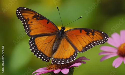 Fototapeta premium A butterfly perched on the center of a bright pink flower, surrounded by...
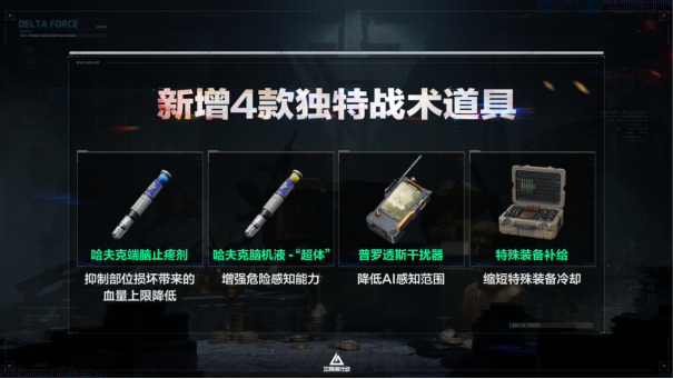 同时还新增了4款独特战术道具,解锁不同的战斗增益效果。这4款战术道具分别是普罗透斯干扰器——降低AI索敌距离;特殊装备补给——大幅缩短技能冷却;哈夫克脑机液-“超体”——增强危险感知能力;哈夫克端脑止疼剂——抑制部位损坏带来的血量上限降低。
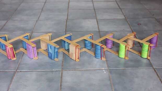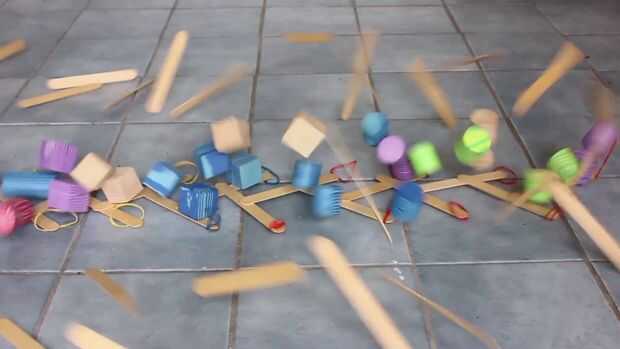 Palos entrelazados pueden almacenar una cantidad sorprendente de la energía. Pero usted puede conseguir fuerza explosiva aún más mediante la adición de gomas. La forma más sencilla de hacerlo es con una configuración que se llama "palancas inteligentes." Dos palos se colocan a ambos lados de un bloque. Las gomas se colocan alrededor de los palillos a un lado del bloque. Se tira de un extremo de los palillos juntos y aparte el extremo opuesto. Para unir los palillos, el extremo libre tampoco podrán ser considerado en lugar por un peso o colocando el extremo de los palillos entre otro conjunto de palancas inteligentes.
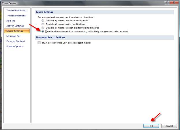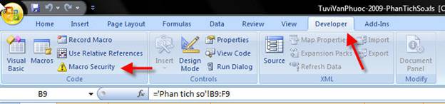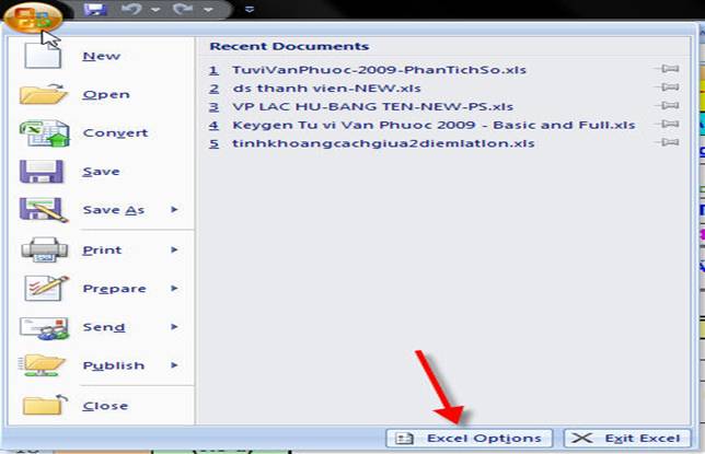 * Excel 2003 trở về trước: Mở MS Excel, trên menu\Tools\Macro\Security\Security Level...Phải chắc chắn rằng bạn đã chọn mục Medium hoặc Low. * Excel 2007: Theo mặc định, hộp thoại điều chỉnh Macro được ẩn giấu khá sâu trong hệ thống nên bạn hãy thực hiện từng bước theo các hình vẽ sau:
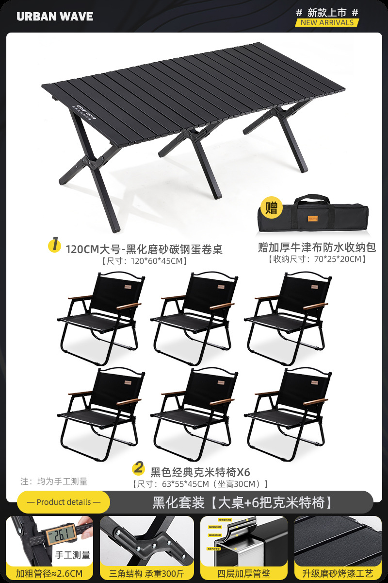 • /【2.6粗管】黑化套装【大桌+6蛋卷椅】/
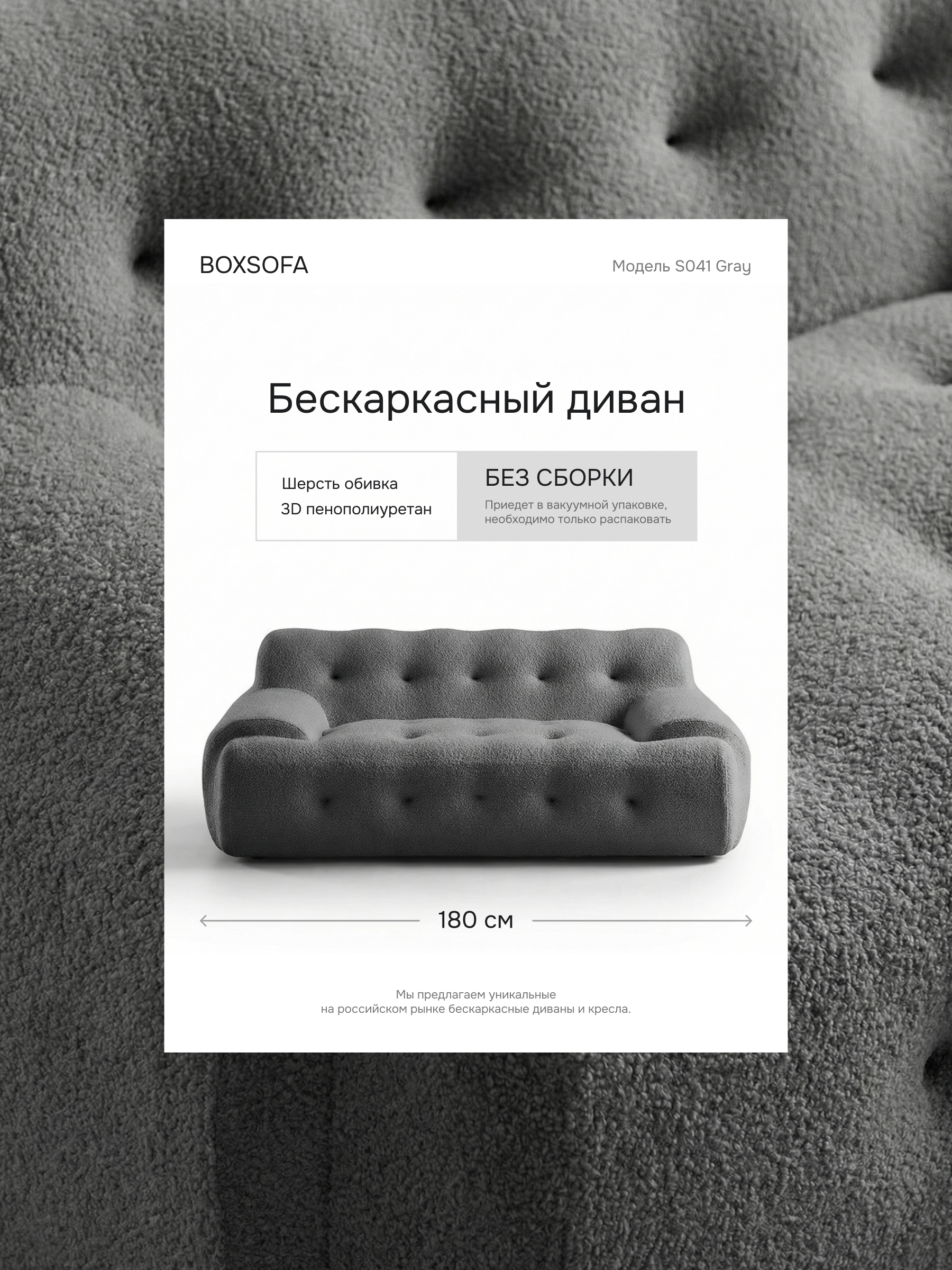 Бескаркасный диван – идеальная анатомия покоя: бескаркасный диван из 3D-пенополиуретана повторяет контуры вашего тела, обеспечивая индивидуальную поддержку позвоночника. Он исключает точки давления, которые создают жесткие конструкции, гарантируя глубокое расслабление каждой мышцы.
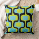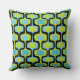 Mid-Century Aqua Chartreuse & Black Retro Pattern Throw Pillow
******
An exact repetition of the listing is needed, with the pictures dropped.

_Answer section_
 Fototapeta premium A butterfly perched on the center of a bright pink flower, surrounded by...
 同时还新增了4款独特战术道具,解锁不同的战斗增益效果。这4款战术道具分别是普罗透斯干扰器——降低AI索敌距离;特殊装备补给——大幅缩短技能冷却;哈夫克脑机液-“超体”——增强危险感知能力;哈夫克端脑止疼剂——抑制部位损坏带来的血量上限降低。
 Palos entrelazados pueden almacenar una cantidad sorprendente de la energía. Pero usted puede conseguir fuerza explosiva aún más mediante la adición de gomas. La forma más sencilla de hacerlo es con una configuración que se llama "palancas inteligentes." Dos palos se colocan a ambos lados de un bloque. Las gomas se colocan alrededor de los palillos a un lado del bloque. Se tira de un extremo de los palillos juntos y aparte el extremo opuesto. Para unir los palillos, el extremo libre tampoco podrán ser considerado en lugar por un peso o colocando el extremo de los palillos entre otro conjunto de palancas inteligentes.
 * Excel 2003 trở về trước: Mở MS Excel, trên menu\Tools\Macro\Security\Security Level...Phải chắc chắn rằng bạn đã chọn mục Medium hoặc Low. * Excel 2007: Theo mặc định, hộp thoại điều chỉnh Macro được ẩn giấu khá sâu trong hệ thống nên bạn hãy thực hiện từng bước theo các hình vẽ sau:
 • /【2.6粗管】黑化套装【大桌+6蛋卷椅】/
 Бескаркасный диван – идеальная анатомия покоя: бескаркасный диван из 3D-пенополиуретана повторяет контуры вашего тела, обеспечивая индивидуальную поддержку позвоночника. Он исключает точки давления, которые создают жесткие конструкции, гарантируя глубокое расслабление каждой мышцы.
 Mid-Century Aqua Chartreuse & Black Retro Pattern Throw Pillow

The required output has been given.